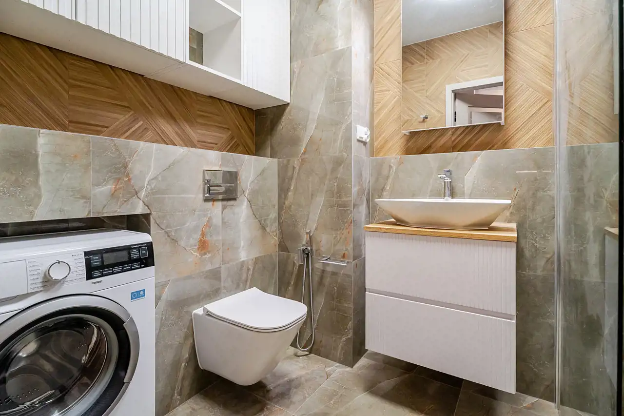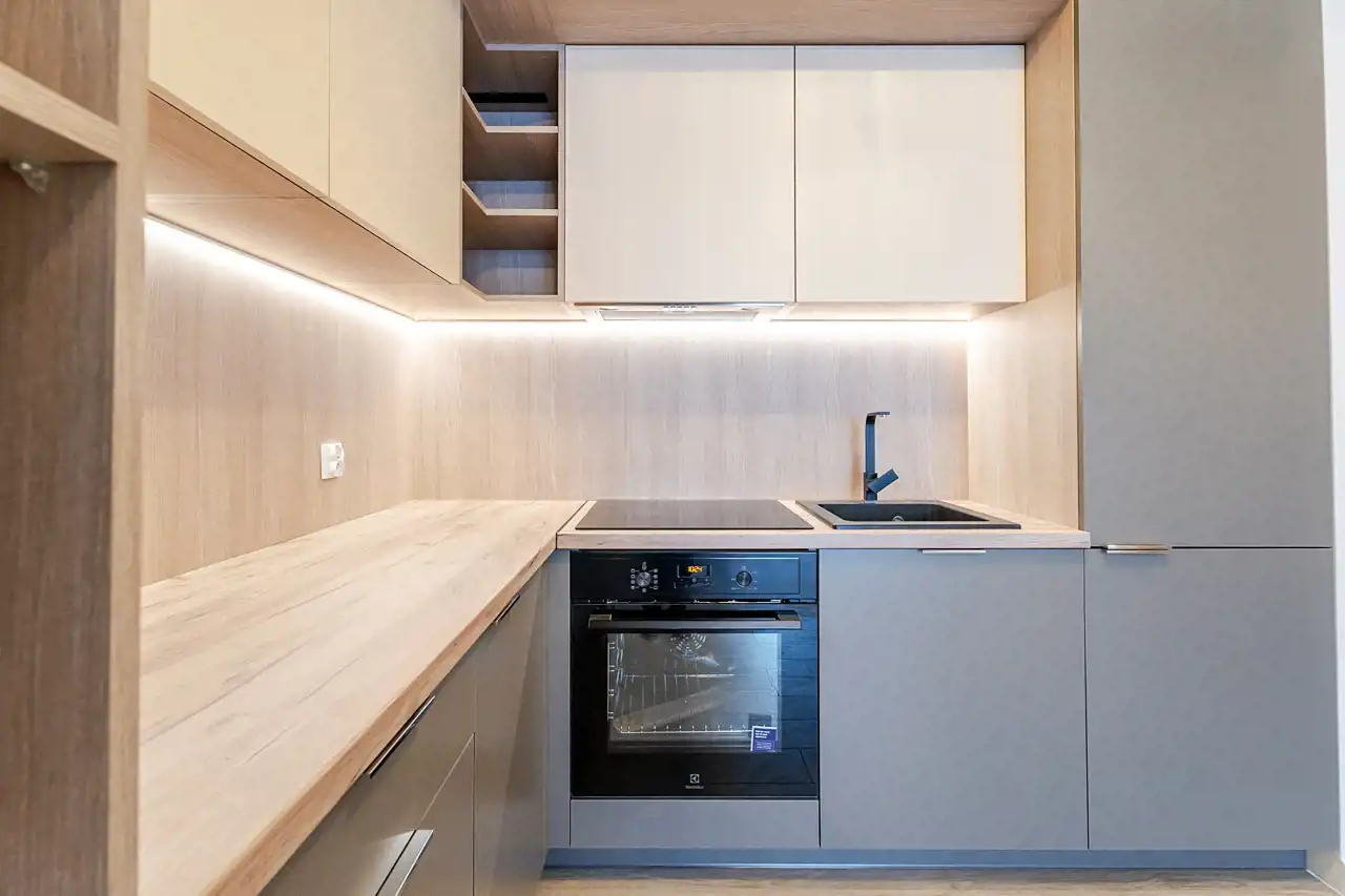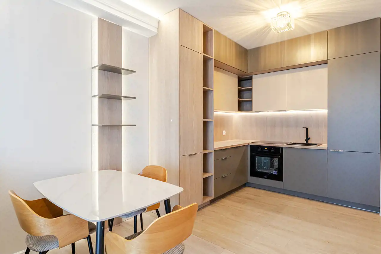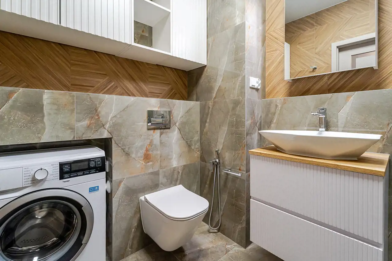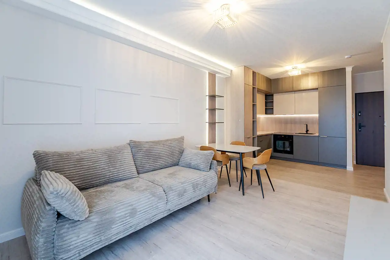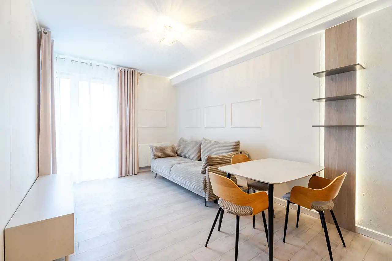 Mieszkanie jest w pełni wyposażone i gotowe do zamieszkania - właściciel zadbał o materiały dobrej jakości i zabudowy na wymiar, aby optymalnie wykorzystać dostępną przestrzeń. Do naszej dyspozycji na miejscu są nowe sprzęty AGD takie jak pralka, zmywarka 45cm, piekarnik, płyta indukcyjna, lodówko-zamrażarka czy okap. Łazienka została wyposażona w kabinę walk-in z deszczownicą oraz słuchawką prysznicową, toaletę z podręczną słuchawką do podmywania, umywalkę z lustrem i szafkami, które ułatwią codzienne zagospodarowanie. W sypialni znajdziemy łoże małżeńskie o wymiarach 200x160cm, oraz optymalnych gabarytów szafę z lustrem. Ściany i podłogi zostały wykończone materiałami o wzmocnionej odporności, takie jak panele klasy 5tej, czy farby zmywalne firmy Flugger, co pozwoli nam na łatwiejsze utrzymanie czystości w mieszkaniu.
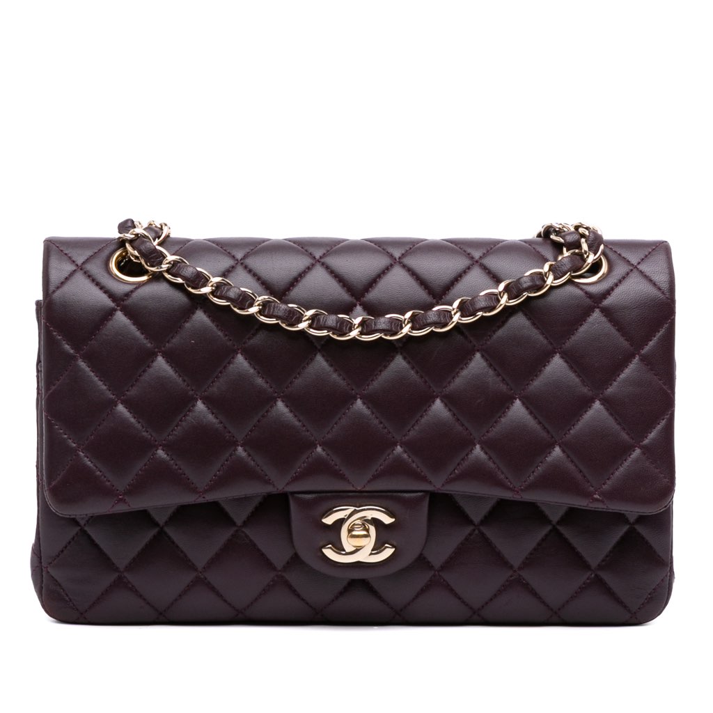 This shoulder bag features a quilted lambskin leather body, leather woven chain straps, double front flaps with interlocking Cs and a twist lock closure, an exterior back slip pocket, and interior zip and slip pockets.
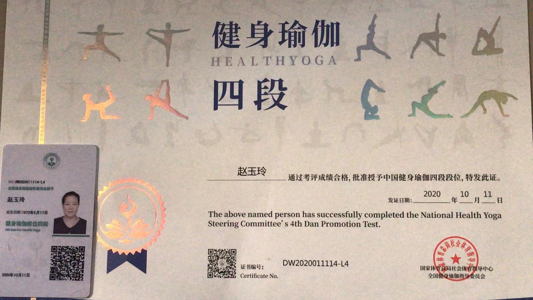 祝贺赵玉玲在西安薄珈梵歌五星级场馆荣获国家体育总局健身瑜伽四段段位
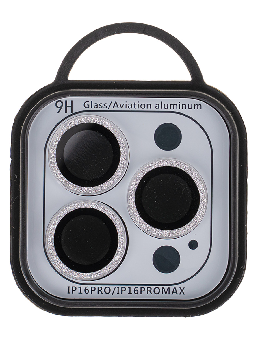 Защитное стекло КейсБерри MX для iPhone 16 Pro на камеру серебристое с блестками №4
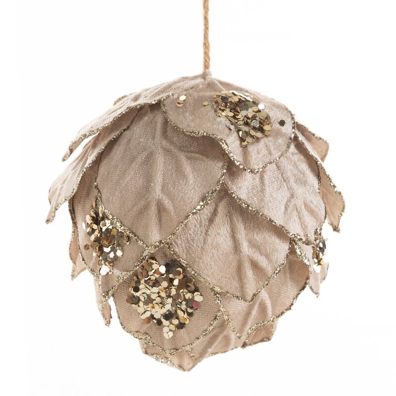 Wprowadź do swojego domu magię świąt z wyjątkową ozdobą choinkową w kształcie szyszki, wykonaną z miękkiej, lśniącej tkaniny welwetowej. Jej subtelny połysk i delikatne drobinki tworzą efekt luksusowej elegancji, który pięknie komponuje się ze światłem choinkowych lampek. Ta bombka to połączenie klasy i świątecznego blasku — doskonała do dekoracji choinki, stroików czy świątecznych kompozycji na stole lub w oknie.
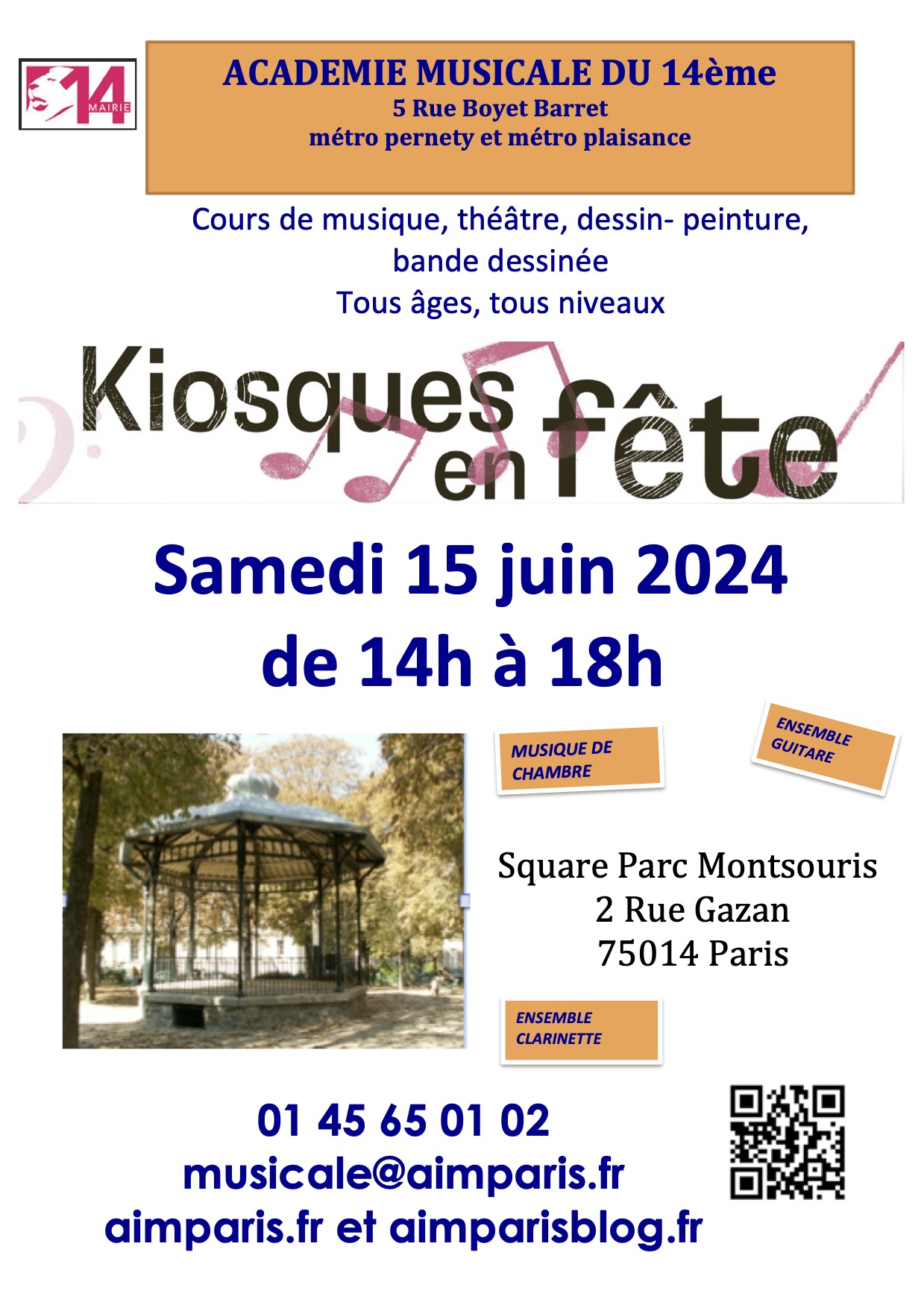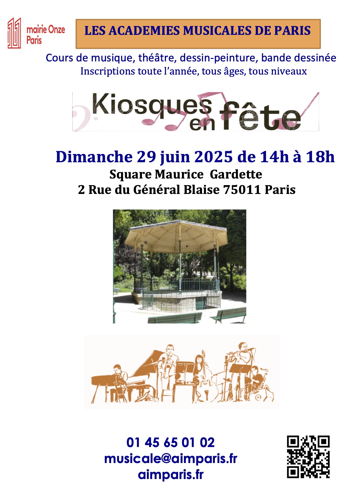 Nos professeurs : venez les écouter et les applaudir, partagez le plaisir de moments conviviaux et, profitez du beau temps avec nous dans les kiosques des squares parisiens !
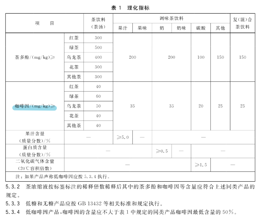 目前,奶茶们适用的现行国标《 茶饮料 》,已经是 2008 年出台的。里面只对这些茶饮的咖啡因下限做了规定,咖啡因含量要达到 35mg/kg 以上。简单来说,只防你偷工减料,不怕你“ 良心 ”大发。就算霸王茶姬们咖啡因加加加加到厌倦,也并不违规。
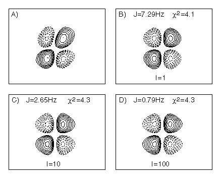 Figure 2. The Hb-Ha cross peak of ubiquitin Glu16 in the 800 MHz COSY spectrum. (A) experimental data, (B) best-fit simulated data using the correct intensity factor (I=1), and best fits when the intensity was constrained to be ten-fold (C) or 100-fold (D) larger. Note that the goodness of the fit (c2) is essentially the same for the three simulated spectra.

Work to complete –
Repeat word for word only the lines from the line holding "This shoulder bag" to the final line of the material, both included. Don't carry over any picture.

Answer –
 This shoulder bag features a quilted lambskin leather body, leather woven chain straps, double front flaps with interlocking Cs and a twist lock closure, an exterior back slip pocket, and interior zip and slip pockets.
 祝贺赵玉玲在西安薄珈梵歌五星级场馆荣获国家体育总局健身瑜伽四段段位
 Защитное стекло КейсБерри MX для iPhone 16 Pro на камеру серебристое с блестками №4
 Wprowadź do swojego domu magię świąt z wyjątkową ozdobą choinkową w kształcie szyszki, wykonaną z miękkiej, lśniącej tkaniny welwetowej. Jej subtelny połysk i delikatne drobinki tworzą efekt luksusowej elegancji, który pięknie komponuje się ze światłem choinkowych lampek. Ta bombka to połączenie klasy i świątecznego blasku — doskonała do dekoracji choinki, stroików czy świątecznych kompozycji na stole lub w oknie.
 Nos professeurs : venez les écouter et les applaudir, partagez le plaisir de moments conviviaux et, profitez du beau temps avec nous dans les kiosques des squares parisiens !
 目前,奶茶们适用的现行国标《 茶饮料 》,已经是 2008 年出台的。里面只对这些茶饮的咖啡因下限做了规定,咖啡因含量要达到 35mg/kg 以上。简单来说,只防你偷工减料,不怕你“ 良心 ”大发。就算霸王茶姬们咖啡因加加加加到厌倦,也并不违规。
 Figure 2. The Hb-Ha cross peak of ubiquitin Glu16 in the 800 MHz COSY spectrum. (A) experimental data, (B) best-fit simulated data using the correct intensity factor (I=1), and best fits when the intensity was constrained to be ten-fold (C) or 100-fold (D) larger. Note that the goodness of the fit (c2) is essentially the same for the three simulated spectra.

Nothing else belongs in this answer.